■ **INSTRUCTIONS FOR THE TASK**
All that is wanted is the exact text of the lines below from the one with "1学期の最終日、教室で「夏ま" through the one with "Scorpio 33 |", inclusive, minus any pictures.

■ **PROVIDED INFORMATION**
--*--

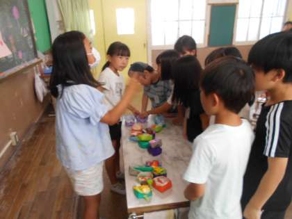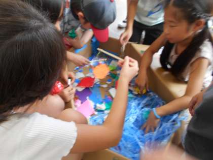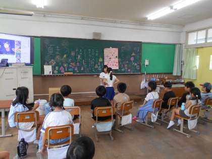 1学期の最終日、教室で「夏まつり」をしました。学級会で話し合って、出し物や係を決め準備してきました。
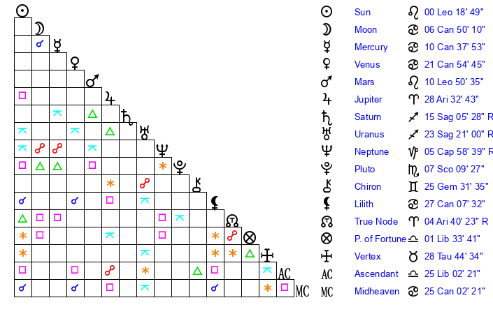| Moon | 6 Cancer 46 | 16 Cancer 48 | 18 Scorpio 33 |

--*--

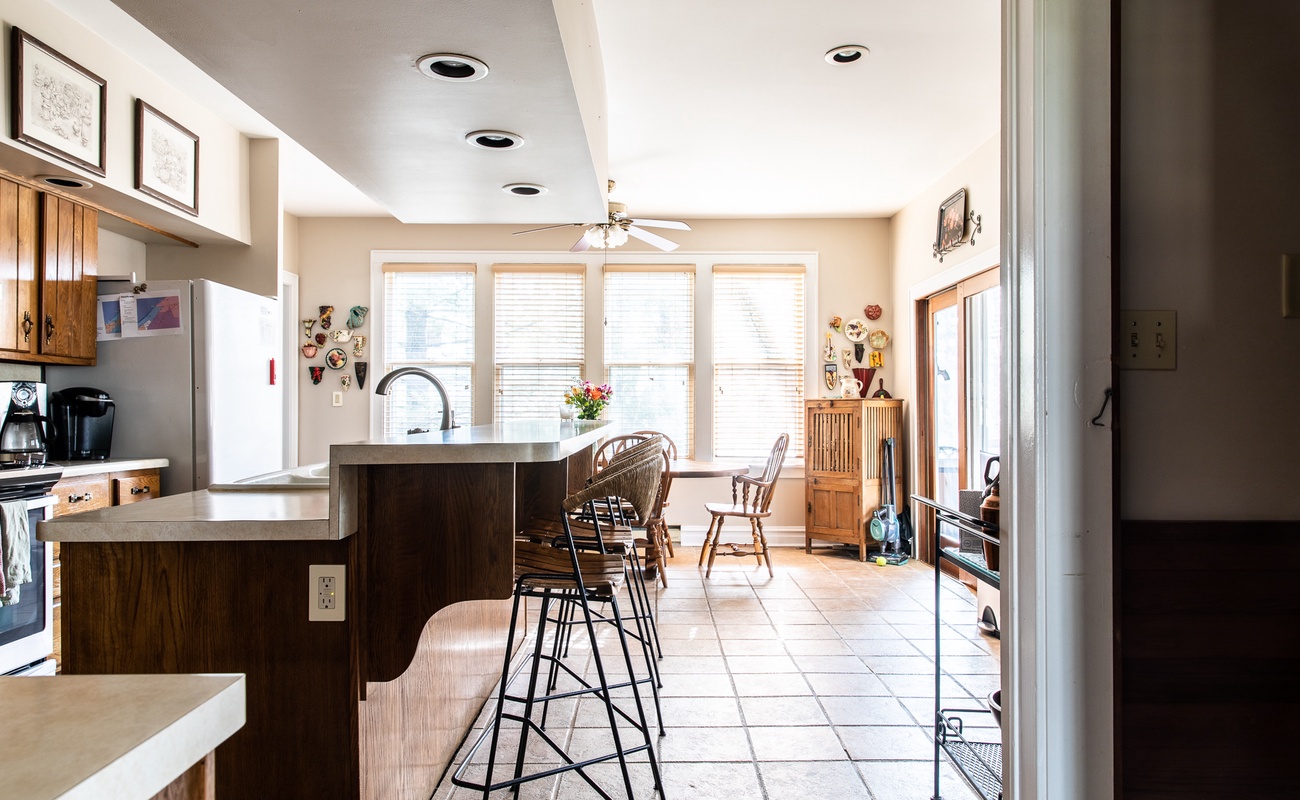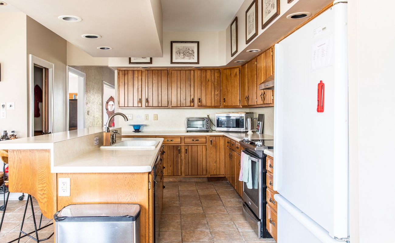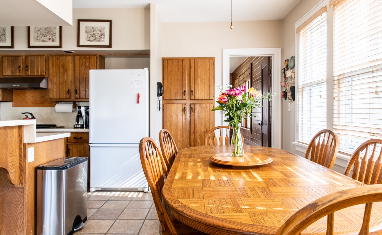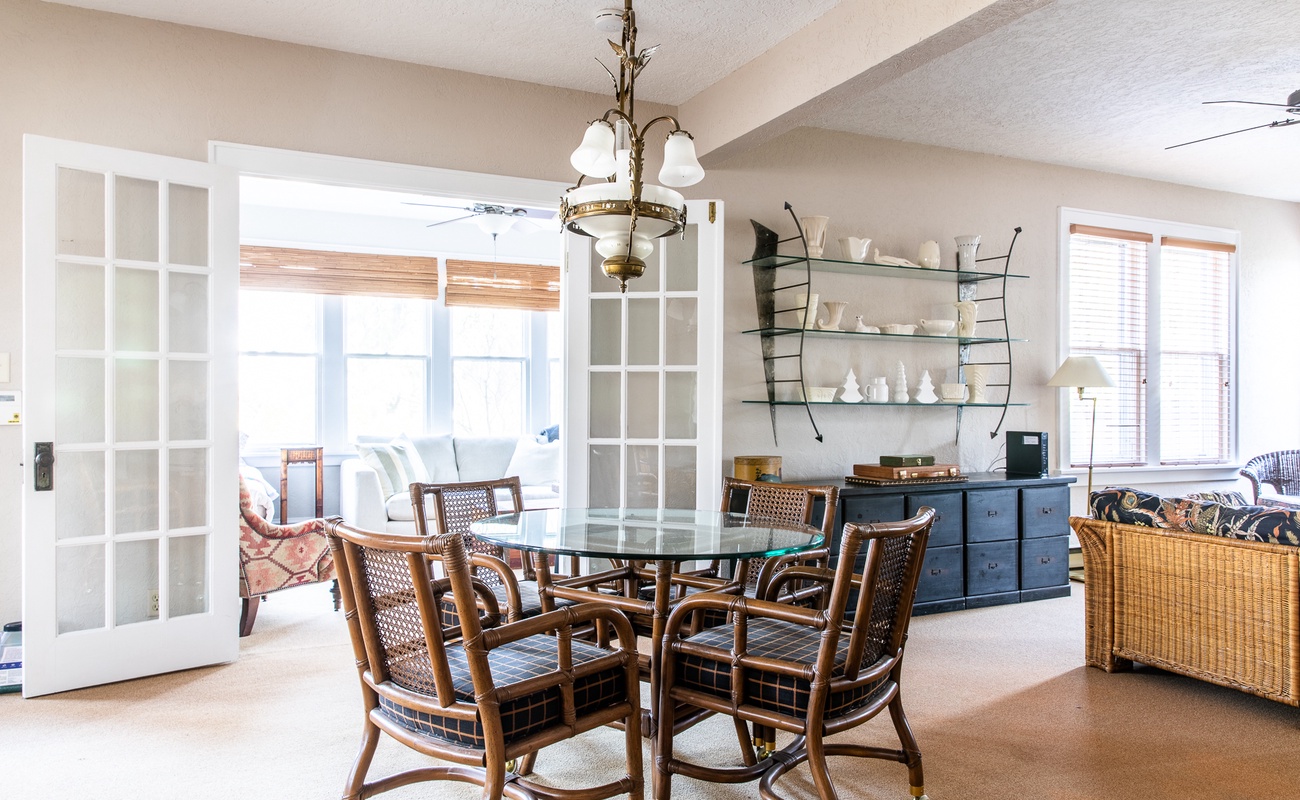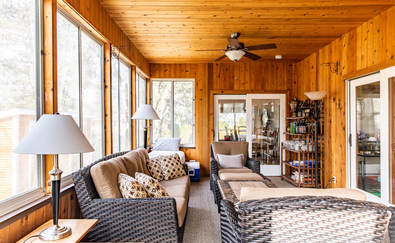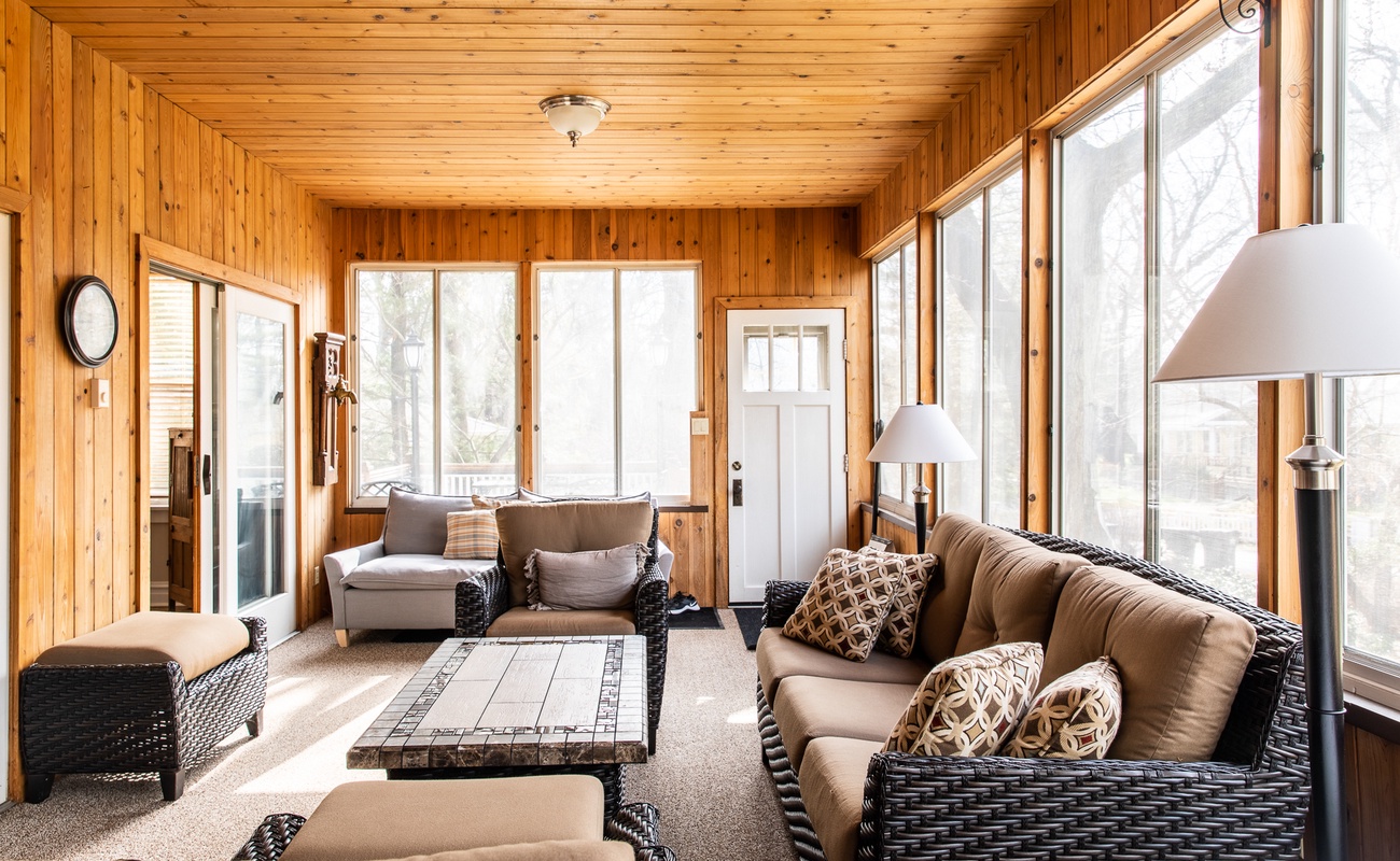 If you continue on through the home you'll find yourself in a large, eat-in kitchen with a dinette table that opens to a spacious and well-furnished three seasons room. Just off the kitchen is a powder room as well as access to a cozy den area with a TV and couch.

--*--

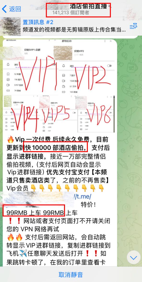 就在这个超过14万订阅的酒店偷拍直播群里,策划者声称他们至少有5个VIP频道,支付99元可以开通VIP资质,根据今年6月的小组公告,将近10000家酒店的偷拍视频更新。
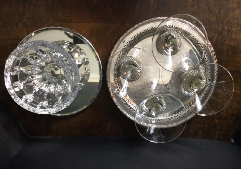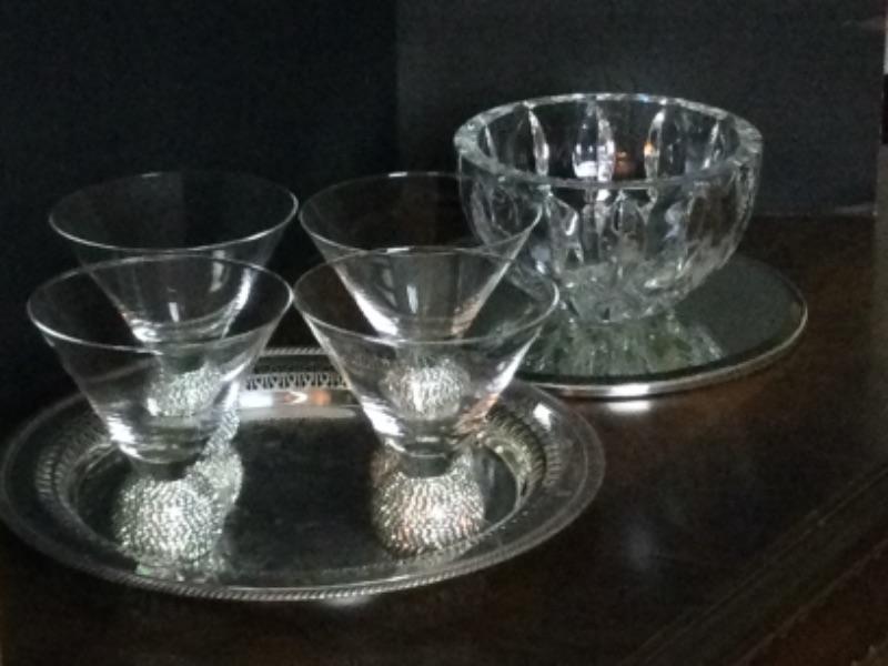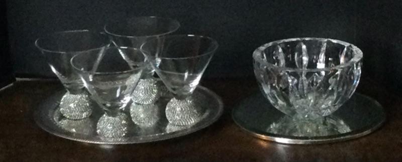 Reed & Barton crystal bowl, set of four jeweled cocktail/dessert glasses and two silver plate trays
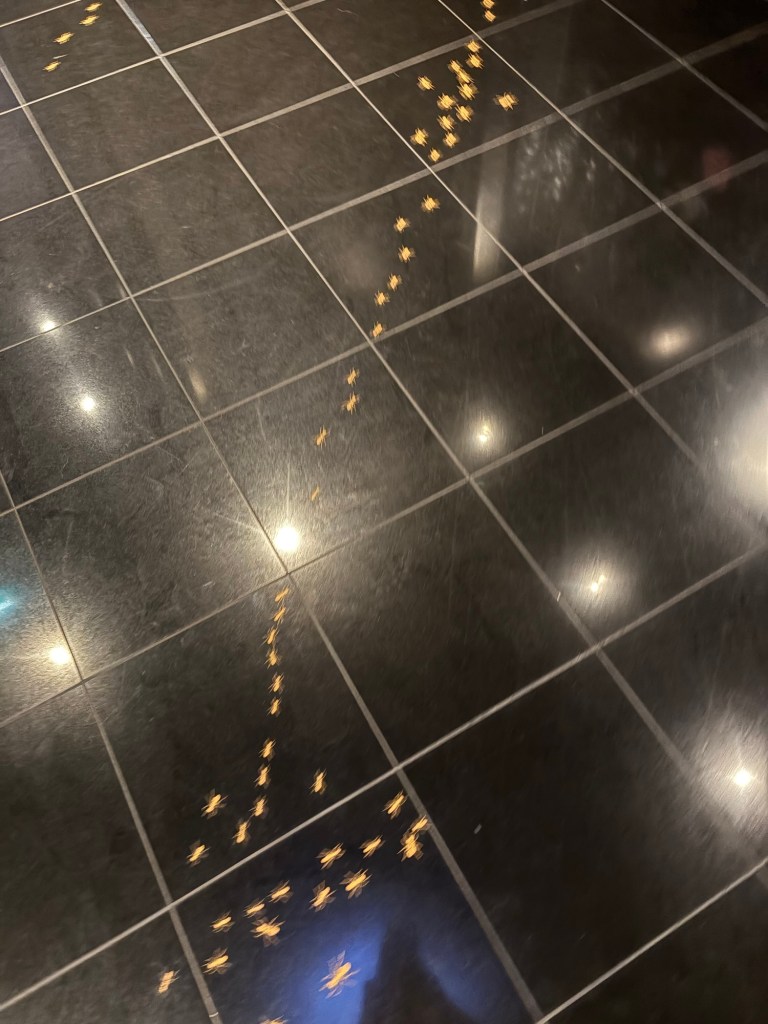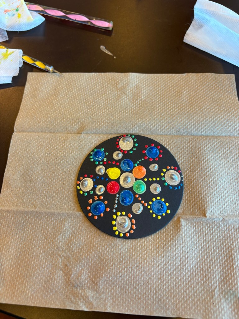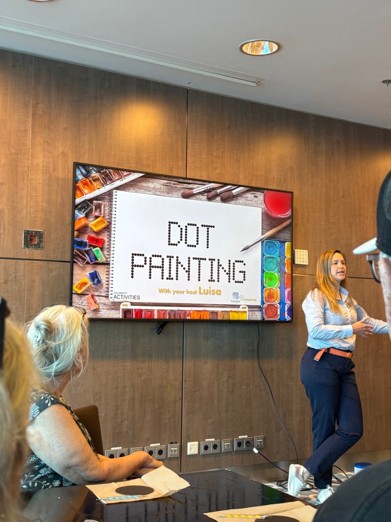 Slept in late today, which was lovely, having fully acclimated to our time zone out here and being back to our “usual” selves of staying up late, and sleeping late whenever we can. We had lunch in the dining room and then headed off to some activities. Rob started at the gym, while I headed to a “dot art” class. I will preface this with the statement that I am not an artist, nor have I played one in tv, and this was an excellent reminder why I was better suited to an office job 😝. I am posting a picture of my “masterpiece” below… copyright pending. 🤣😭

--*--

■ **RESPONSE FOR THIS EXERCISE**
 1学期の最終日、教室で「夏まつり」をしました。学級会で話し合って、出し物や係を決め準備してきました。
| Moon | 6 Cancer 46 | 16 Cancer 48 | 18 Scorpio 33 |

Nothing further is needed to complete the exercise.